▼

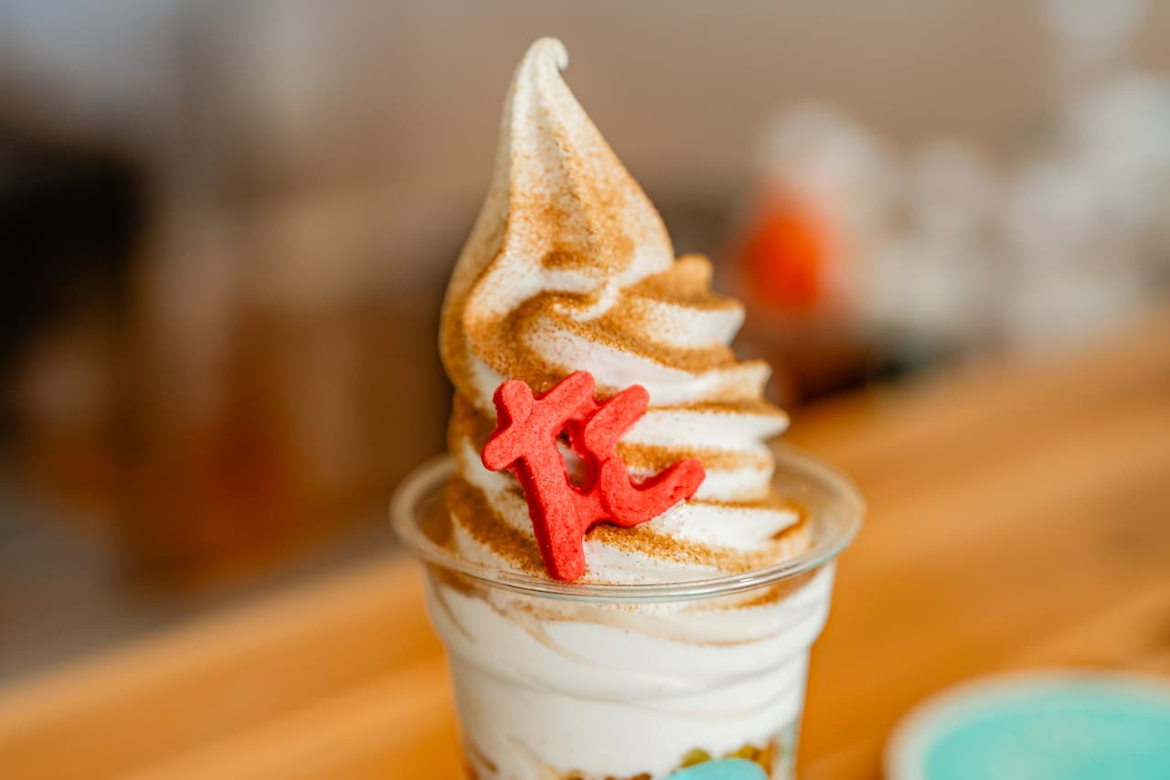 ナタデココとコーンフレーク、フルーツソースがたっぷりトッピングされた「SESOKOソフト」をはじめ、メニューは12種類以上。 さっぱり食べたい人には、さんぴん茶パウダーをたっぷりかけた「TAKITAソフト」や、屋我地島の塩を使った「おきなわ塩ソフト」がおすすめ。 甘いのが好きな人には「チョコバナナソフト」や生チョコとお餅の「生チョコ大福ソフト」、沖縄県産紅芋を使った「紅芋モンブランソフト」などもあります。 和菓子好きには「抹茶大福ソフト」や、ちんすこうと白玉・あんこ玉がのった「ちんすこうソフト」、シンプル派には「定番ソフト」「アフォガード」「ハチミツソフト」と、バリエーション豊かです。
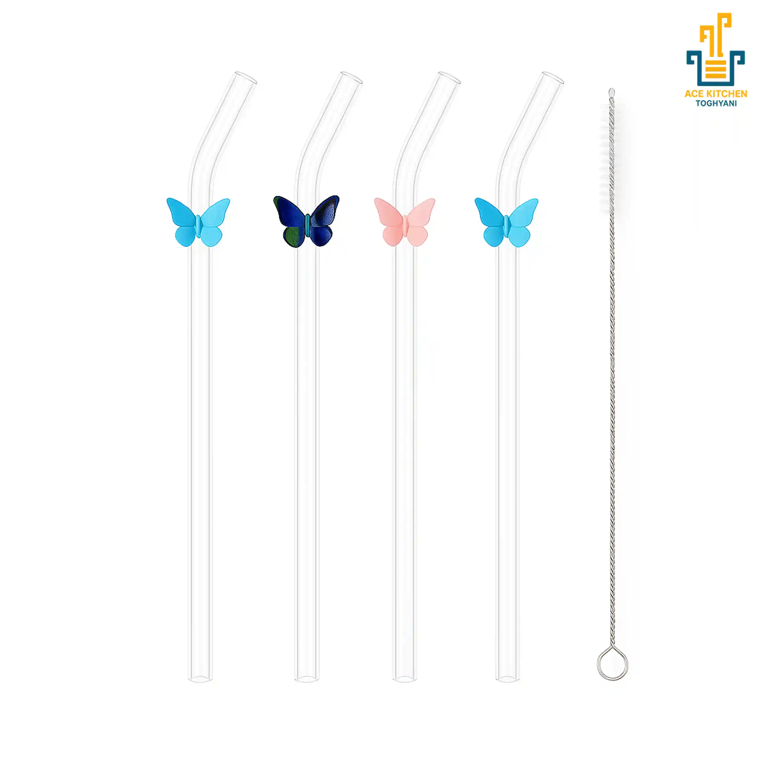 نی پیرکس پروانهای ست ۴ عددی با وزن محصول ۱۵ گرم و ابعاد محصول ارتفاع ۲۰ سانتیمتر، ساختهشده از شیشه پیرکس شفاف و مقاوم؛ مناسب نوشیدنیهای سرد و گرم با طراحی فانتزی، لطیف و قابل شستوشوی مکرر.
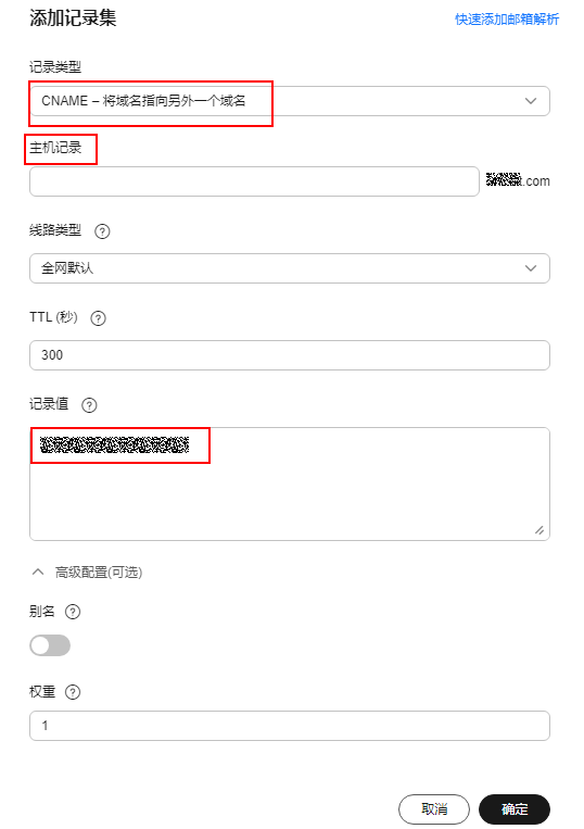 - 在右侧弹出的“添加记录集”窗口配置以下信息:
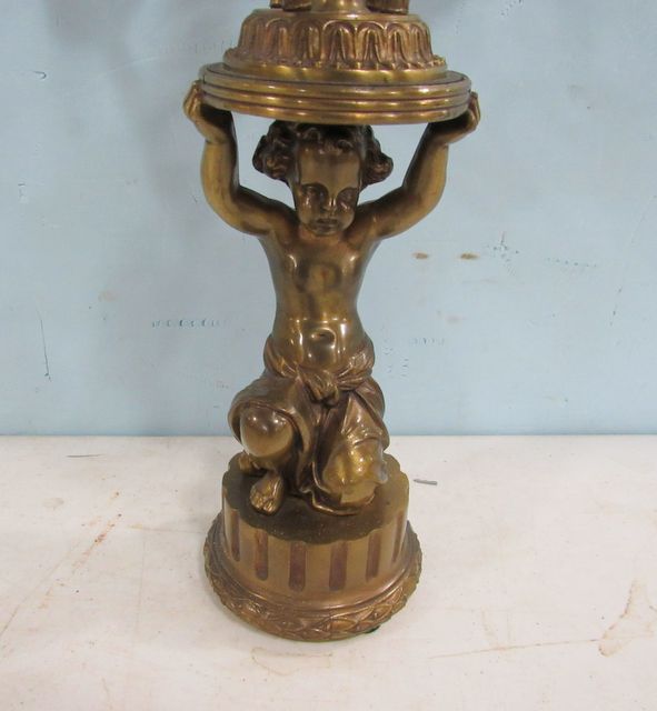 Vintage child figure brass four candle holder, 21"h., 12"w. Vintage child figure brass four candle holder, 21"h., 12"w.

▲

_Work task_. Word for word, reproduce the material above and omit each image.

_Expected output_.
 ナタデココとコーンフレーク、フルーツソースがたっぷりトッピングされた「SESOKOソフト」をはじめ、メニューは12種類以上。 さっぱり食べたい人には、さんぴん茶パウダーをたっぷりかけた「TAKITAソフト」や、屋我地島の塩を使った「おきなわ塩ソフト」がおすすめ。 甘いのが好きな人には「チョコバナナソフト」や生チョコとお餅の「生チョコ大福ソフト」、沖縄県産紅芋を使った「紅芋モンブランソフト」などもあります。 和菓子好きには「抹茶大福ソフト」や、ちんすこうと白玉・あんこ玉がのった「ちんすこうソフト」、シンプル派には「定番ソフト」「アフォガード」「ハチミツソフト」と、バリエーション豊かです。
 نی پیرکس پروانهای ست ۴ عددی با وزن محصول ۱۵ گرم و ابعاد محصول ارتفاع ۲۰ سانتیمتر، ساختهشده از شیشه پیرکس شفاف و مقاوم؛ مناسب نوشیدنیهای سرد و گرم با طراحی فانتزی، لطیف و قابل شستوشوی مکرر.
 - 在右侧弹出的“添加记录集”窗口配置以下信息:
 Vintage child figure brass four candle holder, 21"h., 12"w. Vintage child figure brass four candle holder, 21"h., 12"w.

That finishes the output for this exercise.